*Work task*.
Starting from the line that holds "在团课上,团员青年们近距离接", output exactly each line through the end of the listing. Do not copy pictures.

*Dataset section*.
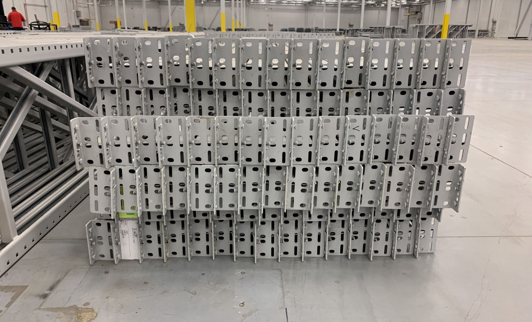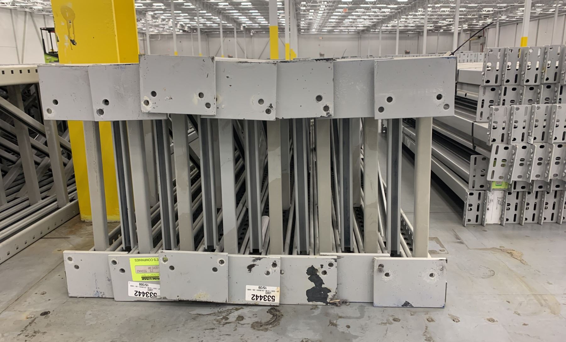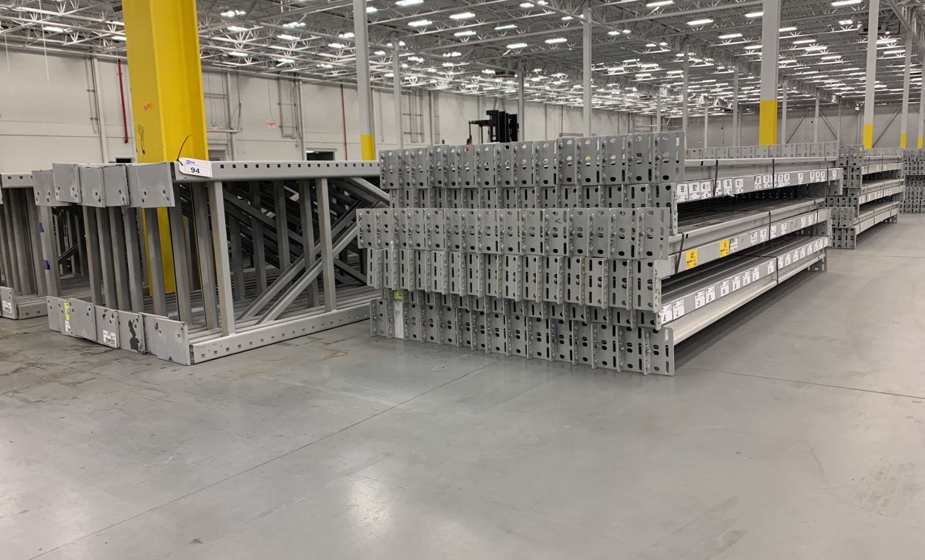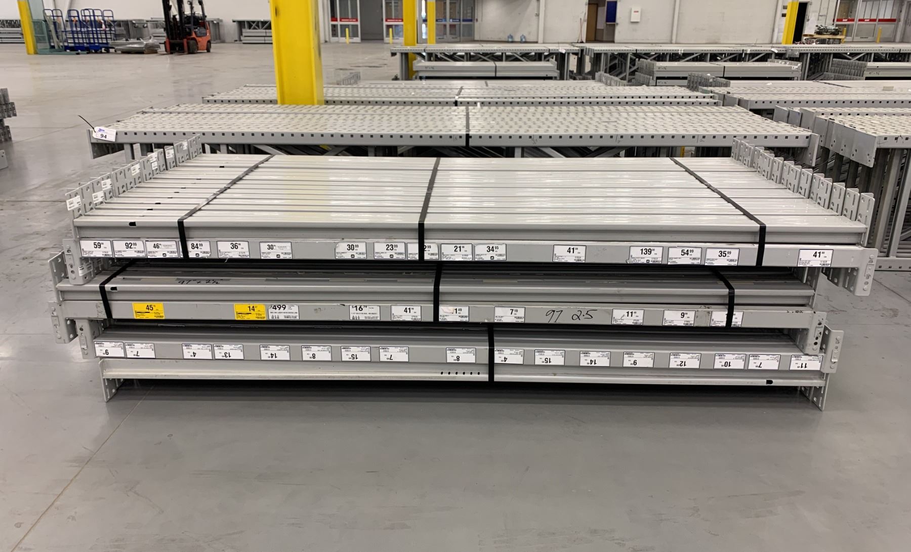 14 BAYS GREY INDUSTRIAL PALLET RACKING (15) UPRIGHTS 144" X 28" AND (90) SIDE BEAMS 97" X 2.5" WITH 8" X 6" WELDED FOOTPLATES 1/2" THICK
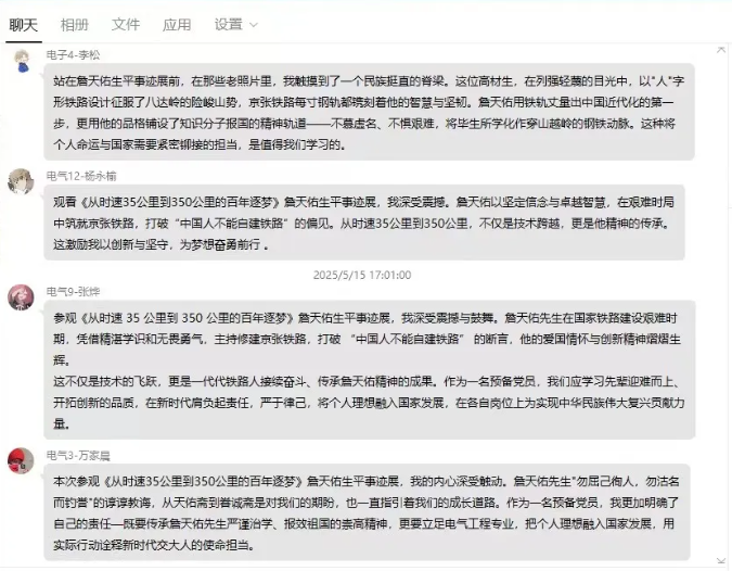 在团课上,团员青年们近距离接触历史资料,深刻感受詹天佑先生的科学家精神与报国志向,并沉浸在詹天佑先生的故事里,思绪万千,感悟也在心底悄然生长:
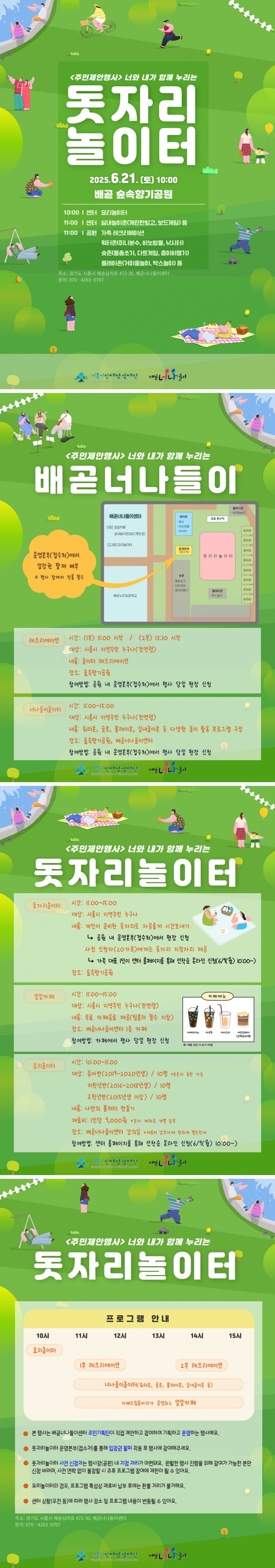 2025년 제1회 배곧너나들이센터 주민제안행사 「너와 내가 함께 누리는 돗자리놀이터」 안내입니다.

*Result of this task*.
 在团课上,团员青年们近距离接触历史资料,深刻感受詹天佑先生的科学家精神与报国志向,并沉浸在詹天佑先生的故事里,思绪万千,感悟也在心底悄然生长:
 2025년 제1회 배곧너나들이센터 주민제안행사 「너와 내가 함께 누리는 돗자리놀이터」 안내입니다.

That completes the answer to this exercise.